*Source records*.
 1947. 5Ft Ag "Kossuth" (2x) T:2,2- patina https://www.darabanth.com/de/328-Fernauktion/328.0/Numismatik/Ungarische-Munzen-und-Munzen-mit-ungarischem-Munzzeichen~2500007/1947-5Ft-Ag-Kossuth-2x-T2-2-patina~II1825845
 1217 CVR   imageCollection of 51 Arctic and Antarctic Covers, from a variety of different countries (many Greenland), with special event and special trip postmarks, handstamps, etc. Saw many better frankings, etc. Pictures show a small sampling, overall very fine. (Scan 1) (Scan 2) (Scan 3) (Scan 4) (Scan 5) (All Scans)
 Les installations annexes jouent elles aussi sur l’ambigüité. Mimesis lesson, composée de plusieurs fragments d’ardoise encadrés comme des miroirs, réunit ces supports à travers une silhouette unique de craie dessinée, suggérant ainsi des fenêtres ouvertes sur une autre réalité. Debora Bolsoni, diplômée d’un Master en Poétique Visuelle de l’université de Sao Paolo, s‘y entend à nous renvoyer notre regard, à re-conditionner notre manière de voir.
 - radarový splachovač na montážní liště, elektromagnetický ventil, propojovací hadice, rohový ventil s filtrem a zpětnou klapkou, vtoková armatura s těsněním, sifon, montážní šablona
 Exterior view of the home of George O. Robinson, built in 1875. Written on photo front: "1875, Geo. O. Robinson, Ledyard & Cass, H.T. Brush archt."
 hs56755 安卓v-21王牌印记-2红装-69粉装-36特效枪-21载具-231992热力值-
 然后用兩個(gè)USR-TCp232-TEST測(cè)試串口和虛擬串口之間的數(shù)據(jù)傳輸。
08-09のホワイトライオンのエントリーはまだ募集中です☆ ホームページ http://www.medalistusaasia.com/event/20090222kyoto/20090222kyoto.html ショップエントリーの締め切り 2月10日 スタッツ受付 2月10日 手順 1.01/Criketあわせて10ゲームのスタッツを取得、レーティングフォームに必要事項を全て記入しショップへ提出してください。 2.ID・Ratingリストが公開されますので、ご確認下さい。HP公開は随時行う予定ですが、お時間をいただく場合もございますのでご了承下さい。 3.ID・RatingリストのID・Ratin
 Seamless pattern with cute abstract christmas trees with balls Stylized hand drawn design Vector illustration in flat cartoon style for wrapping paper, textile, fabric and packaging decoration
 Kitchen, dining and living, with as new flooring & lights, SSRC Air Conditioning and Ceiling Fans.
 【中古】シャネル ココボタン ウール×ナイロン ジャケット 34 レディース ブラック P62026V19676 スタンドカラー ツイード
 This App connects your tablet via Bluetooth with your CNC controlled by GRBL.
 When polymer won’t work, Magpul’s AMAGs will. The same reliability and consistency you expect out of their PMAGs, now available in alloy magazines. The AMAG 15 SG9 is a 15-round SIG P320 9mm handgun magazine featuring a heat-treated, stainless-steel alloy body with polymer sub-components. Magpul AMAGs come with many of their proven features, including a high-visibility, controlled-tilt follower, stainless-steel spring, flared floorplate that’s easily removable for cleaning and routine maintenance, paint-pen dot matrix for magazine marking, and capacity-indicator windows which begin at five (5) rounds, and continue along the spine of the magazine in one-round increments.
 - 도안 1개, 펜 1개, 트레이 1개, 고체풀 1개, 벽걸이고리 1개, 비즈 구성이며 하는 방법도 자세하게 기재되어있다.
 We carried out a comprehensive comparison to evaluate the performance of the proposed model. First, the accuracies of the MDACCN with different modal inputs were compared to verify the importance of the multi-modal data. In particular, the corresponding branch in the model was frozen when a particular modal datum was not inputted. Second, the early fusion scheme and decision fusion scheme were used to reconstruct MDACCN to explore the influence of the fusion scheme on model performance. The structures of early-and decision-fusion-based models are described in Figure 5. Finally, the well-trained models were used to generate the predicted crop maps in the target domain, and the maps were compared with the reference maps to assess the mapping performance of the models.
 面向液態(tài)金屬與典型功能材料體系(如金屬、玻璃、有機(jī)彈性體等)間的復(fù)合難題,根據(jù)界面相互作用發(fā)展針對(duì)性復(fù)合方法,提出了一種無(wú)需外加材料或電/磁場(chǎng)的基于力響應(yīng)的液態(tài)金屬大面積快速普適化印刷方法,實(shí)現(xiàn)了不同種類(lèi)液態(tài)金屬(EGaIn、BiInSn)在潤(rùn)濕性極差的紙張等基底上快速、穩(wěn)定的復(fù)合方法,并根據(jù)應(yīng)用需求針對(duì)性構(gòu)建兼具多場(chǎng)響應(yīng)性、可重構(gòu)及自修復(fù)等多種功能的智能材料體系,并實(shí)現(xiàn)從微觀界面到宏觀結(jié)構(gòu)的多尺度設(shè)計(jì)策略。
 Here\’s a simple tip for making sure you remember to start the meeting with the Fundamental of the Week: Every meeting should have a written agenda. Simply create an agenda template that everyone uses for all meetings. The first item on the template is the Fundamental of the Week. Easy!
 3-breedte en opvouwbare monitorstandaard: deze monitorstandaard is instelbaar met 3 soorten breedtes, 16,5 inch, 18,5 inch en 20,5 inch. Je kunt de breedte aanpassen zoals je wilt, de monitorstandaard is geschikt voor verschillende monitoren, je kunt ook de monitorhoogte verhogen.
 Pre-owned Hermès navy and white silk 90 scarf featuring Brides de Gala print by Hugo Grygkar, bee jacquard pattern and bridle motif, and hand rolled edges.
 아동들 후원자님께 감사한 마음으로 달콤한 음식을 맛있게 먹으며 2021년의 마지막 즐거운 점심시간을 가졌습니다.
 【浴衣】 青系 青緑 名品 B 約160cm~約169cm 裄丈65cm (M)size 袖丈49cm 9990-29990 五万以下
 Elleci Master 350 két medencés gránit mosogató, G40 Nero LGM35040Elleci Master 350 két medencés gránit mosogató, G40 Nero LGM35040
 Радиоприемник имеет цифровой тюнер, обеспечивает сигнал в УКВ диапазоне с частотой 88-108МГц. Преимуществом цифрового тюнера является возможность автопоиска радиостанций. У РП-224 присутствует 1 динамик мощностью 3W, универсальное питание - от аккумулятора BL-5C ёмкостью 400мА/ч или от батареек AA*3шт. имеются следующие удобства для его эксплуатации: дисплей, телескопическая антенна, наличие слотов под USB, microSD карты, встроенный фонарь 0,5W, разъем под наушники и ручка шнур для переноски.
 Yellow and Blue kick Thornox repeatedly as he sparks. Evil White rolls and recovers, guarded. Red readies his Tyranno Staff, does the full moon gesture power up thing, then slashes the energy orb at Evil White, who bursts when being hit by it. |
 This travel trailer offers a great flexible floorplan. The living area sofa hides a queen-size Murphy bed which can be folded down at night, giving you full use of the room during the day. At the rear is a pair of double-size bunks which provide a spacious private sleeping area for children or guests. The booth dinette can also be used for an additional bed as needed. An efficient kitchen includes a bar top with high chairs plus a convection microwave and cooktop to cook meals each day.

*Task item*. When you reach the line that contains "1217 CVR   imageCollection", stop; that line and every line before it, from the very first line of the data, should be restated word for word.

*Result of the task*.
 1947. 5Ft Ag "Kossuth" (2x) T:2,2- patina https://www.darabanth.com/de/328-Fernauktion/328.0/Numismatik/Ungarische-Munzen-und-Munzen-mit-ungarischem-Munzzeichen~2500007/1947-5Ft-Ag-Kossuth-2x-T2-2-patina~II1825845
 1217 CVR   imageCollection of 51 Arctic and Antarctic Covers, from a variety of different countries (many Greenland), with special event and special trip postmarks, handstamps, etc. Saw many better frankings, etc. Pictures show a small sampling, overall very fine. (Scan 1) (Scan 2) (Scan 3) (Scan 4) (Scan 5) (All Scans)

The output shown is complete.